* _DATASET CONTENT_:
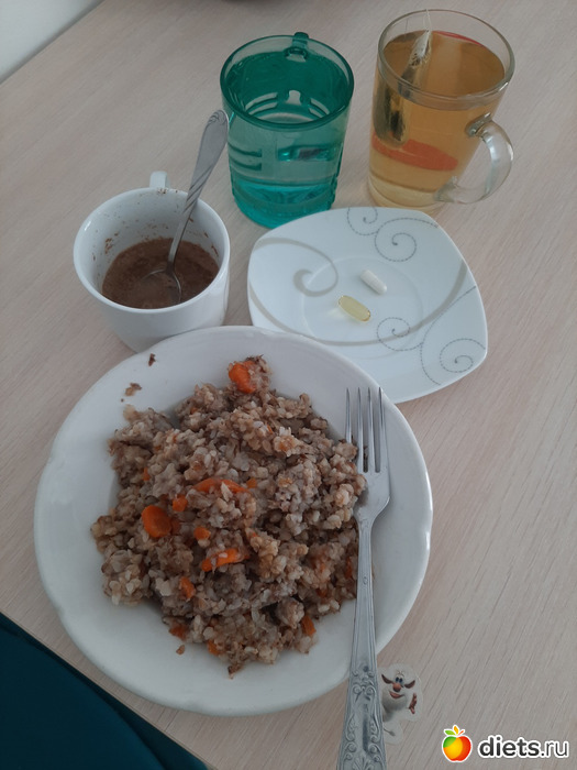 Мой обед: гречка с тушеной свининой и морковью (333 гр) и зеленый чай без сахара.
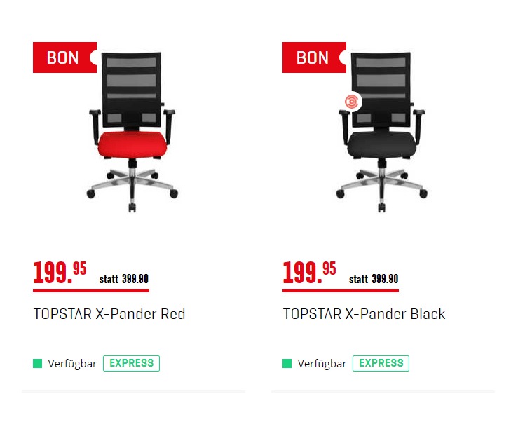 Bei Interdiscount gibt’s den TOPSTAR X-Pander Bürostuhl in schwarz und rot für CHF 199.95 Toppreise hat den Bürostuhl leider nicht erfasst, laut Google Shopping sehe ich den Stuhl sonst nirgends unter CHF 299.- Es ist aber möglich, dass es den Stuhl schon einmal günstiger gab.
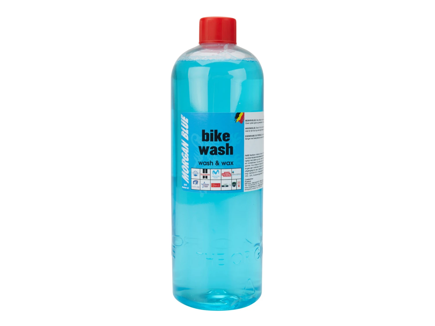 Morgan Blue Bikewash är ett cykeltvättmedel som både innehåller tvättmedel och vax. Det är en aktiv tvål som är speciellt utvecklad för att rensa cykeln. Utöver att rengöra cykeln så lägger vaxet en skyddande hinna på cykeln och får cykeln att skina.
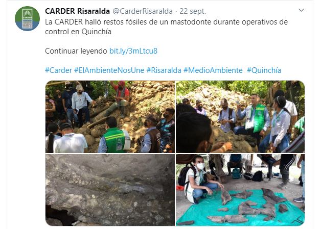 La Corporación Autónoma Regional de Risaralda, conocieron del hallazgo cuando se encontraban realizando un procedimiento de vigilancia en una excavación minera en ese departamento. El mastodonte estaba a 20 metros de profundidad.
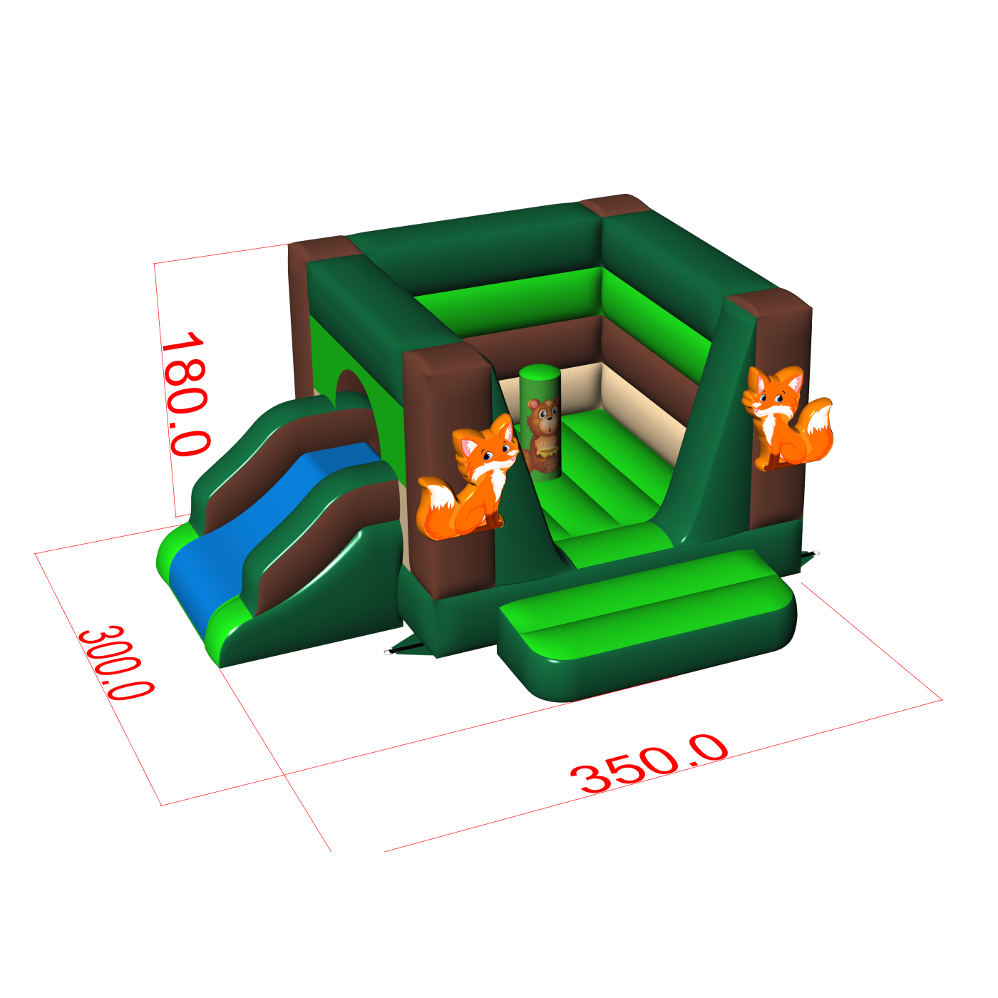 Το Μικρό φουσκωτό κάστρο με τσουλήθρα - με θέμα το δάσος είναι μια ατραξιόν για όλους τους λάτρεις του χαρούμενου άλματος. Τα παιδιά διασκεδάζουν υπέροχα – πηδούν και υποδύονται ρόλους που ταιριάζουν στο θέμα της ατραξιόν. Το Μικρό φουσκωτό κάστρο με τσουλήθρα - με θέμα το δάσος έχει σχεδιαστεί όχι μόνο για πολύ μικρά παιδιά. Τα φουσκωτά αυτής της κατηγορίας είναι συνήθως πλούσια διακοσμημένα και περιέχουν πολλά στοιχεία που προσκαλούν σε ξέγνοιαστο άλμα στον καθαρό αέρα. Τα φουσκωτά κάστρα μπορούν να δημιουργήσουν έναν φανταστικό κόσμο εμπειριών μέσα από χαρούμενα άλματα με φίλους και συνομηλίκους. Το φουσκωτό κάστρο μπορεί να συνδυαστεί με άλλα προϊόντα από την προσφορά μας, δημιουργώντας έτσι έναν μαγικό, παραμυθένιο κόσμο εμπειριών για ώρες διασκέδασης και χαράς.
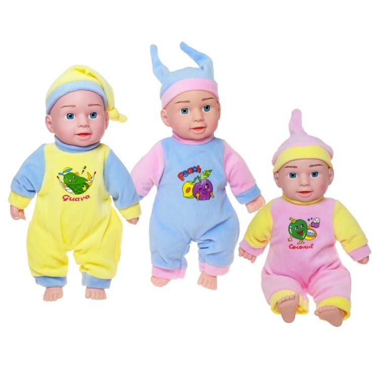 Usmievavé miminko s mäkkým telíčkom. Bábika po vytiahnutí poistky zo strojčeka bľabotá - mama, papa. Možnosť výberu z troch farieb oblečenia - modré, žlté alebo ružové. Nevhodné pre deti do 3 rokov.Výška - 26cm číst celé
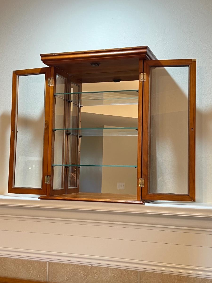 Small Light Cherry Wooden Mirrored Hanging Display Cabinet
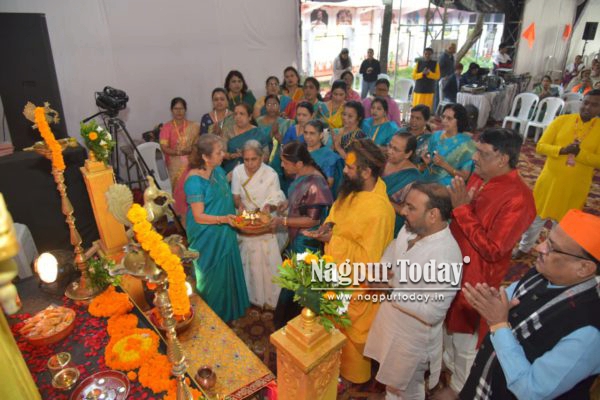 मान्यवरांचे स्वागत विजय फडणवीस, संध्या कातरकर, सीमा सराफ आणि मनीषा दुबे यांनी केले.
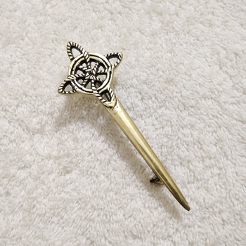 Falda escocesa espada forma perno de latón Highland Bagpiper escocés Piper Kilt Pin TT-7137 antiguo Kilt Pin
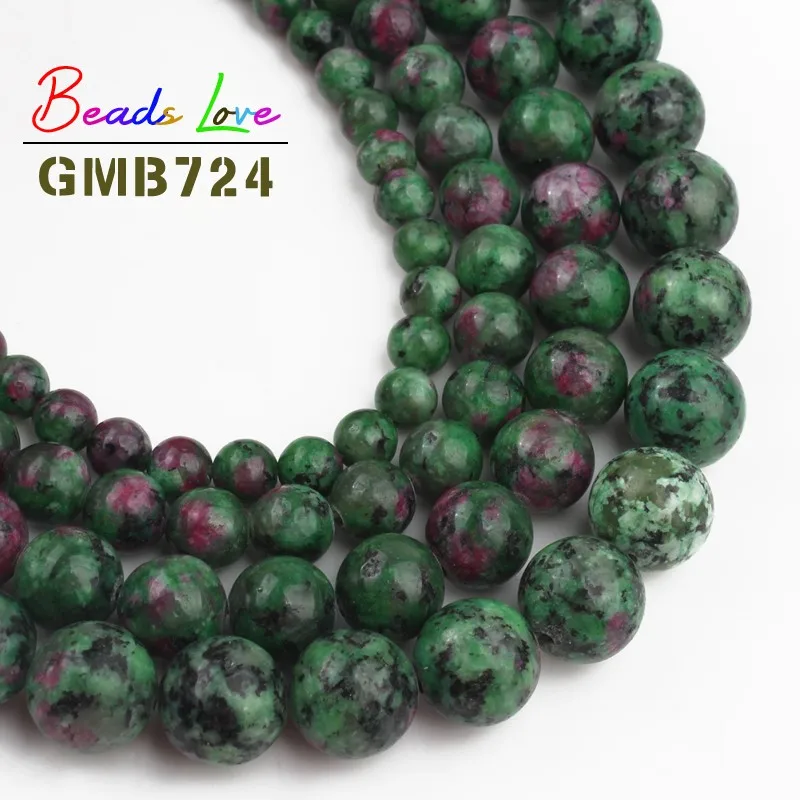 6-12MM Natural Stone Green Rubys Epidote Zoisite Round Beads for Needlework Jewelry Making DIY Bracelet Necklace Accessories
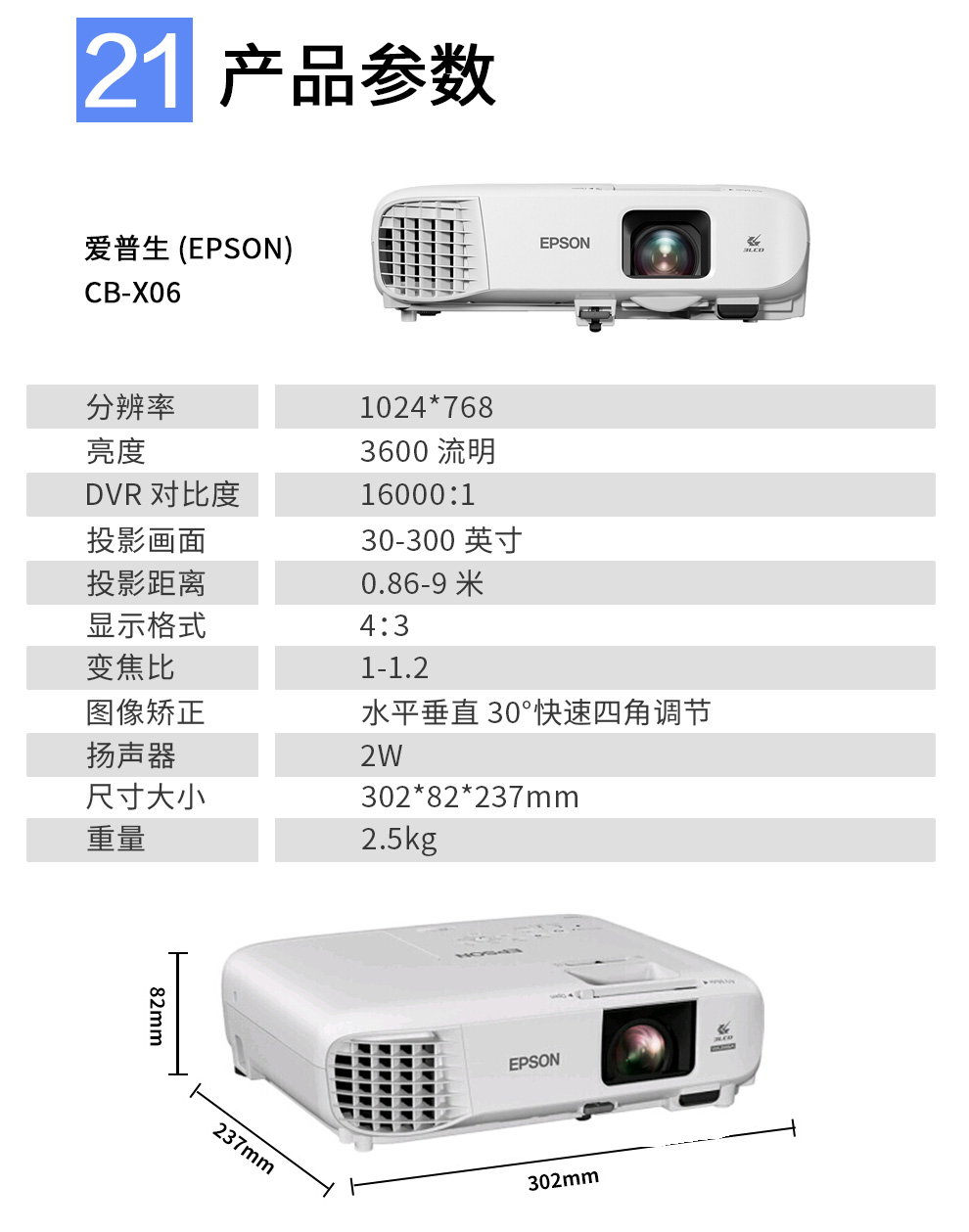 愛普生(EPSON) CB-X06 投影儀辦公會議培訓(xùn)商務(wù)投影機教育教學(xué)便攜投影儀 3600流明 白色

* _EXERCISE_: The whole listing, pictures excluded, should be output exactly.

* _EXERCISE RESPONSE_:
 Мой обед: гречка с тушеной свининой и морковью (333 гр) и зеленый чай без сахара.
 Bei Interdiscount gibt’s den TOPSTAR X-Pander Bürostuhl in schwarz und rot für CHF 199.95 Toppreise hat den Bürostuhl leider nicht erfasst, laut Google Shopping sehe ich den Stuhl sonst nirgends unter CHF 299.- Es ist aber möglich, dass es den Stuhl schon einmal günstiger gab.
 Morgan Blue Bikewash är ett cykeltvättmedel som både innehåller tvättmedel och vax. Det är en aktiv tvål som är speciellt utvecklad för att rensa cykeln. Utöver att rengöra cykeln så lägger vaxet en skyddande hinna på cykeln och får cykeln att skina.
 La Corporación Autónoma Regional de Risaralda, conocieron del hallazgo cuando se encontraban realizando un procedimiento de vigilancia en una excavación minera en ese departamento. El mastodonte estaba a 20 metros de profundidad.
 Το Μικρό φουσκωτό κάστρο με τσουλήθρα - με θέμα το δάσος είναι μια ατραξιόν για όλους τους λάτρεις του χαρούμενου άλματος. Τα παιδιά διασκεδάζουν υπέροχα – πηδούν και υποδύονται ρόλους που ταιριάζουν στο θέμα της ατραξιόν. Το Μικρό φουσκωτό κάστρο με τσουλήθρα - με θέμα το δάσος έχει σχεδιαστεί όχι μόνο για πολύ μικρά παιδιά. Τα φουσκωτά αυτής της κατηγορίας είναι συνήθως πλούσια διακοσμημένα και περιέχουν πολλά στοιχεία που προσκαλούν σε ξέγνοιαστο άλμα στον καθαρό αέρα. Τα φουσκωτά κάστρα μπορούν να δημιουργήσουν έναν φανταστικό κόσμο εμπειριών μέσα από χαρούμενα άλματα με φίλους και συνομηλίκους. Το φουσκωτό κάστρο μπορεί να συνδυαστεί με άλλα προϊόντα από την προσφορά μας, δημιουργώντας έτσι έναν μαγικό, παραμυθένιο κόσμο εμπειριών για ώρες διασκέδασης και χαράς.
 Usmievavé miminko s mäkkým telíčkom. Bábika po vytiahnutí poistky zo strojčeka bľabotá - mama, papa. Možnosť výberu z troch farieb oblečenia - modré, žlté alebo ružové. Nevhodné pre deti do 3 rokov.Výška - 26cm číst celé
 Small Light Cherry Wooden Mirrored Hanging Display Cabinet
 मान्यवरांचे स्वागत विजय फडणवीस, संध्या कातरकर, सीमा सराफ आणि मनीषा दुबे यांनी केले.
 Falda escocesa espada forma perno de latón Highland Bagpiper escocés Piper Kilt Pin TT-7137 antiguo Kilt Pin
 6-12MM Natural Stone Green Rubys Epidote Zoisite Round Beads for Needlework Jewelry Making DIY Bracelet Necklace Accessories
 愛普生(EPSON) CB-X06 投影儀辦公會議培訓(xùn)商務(wù)投影機教育教學(xué)便攜投影儀 3600流明 白色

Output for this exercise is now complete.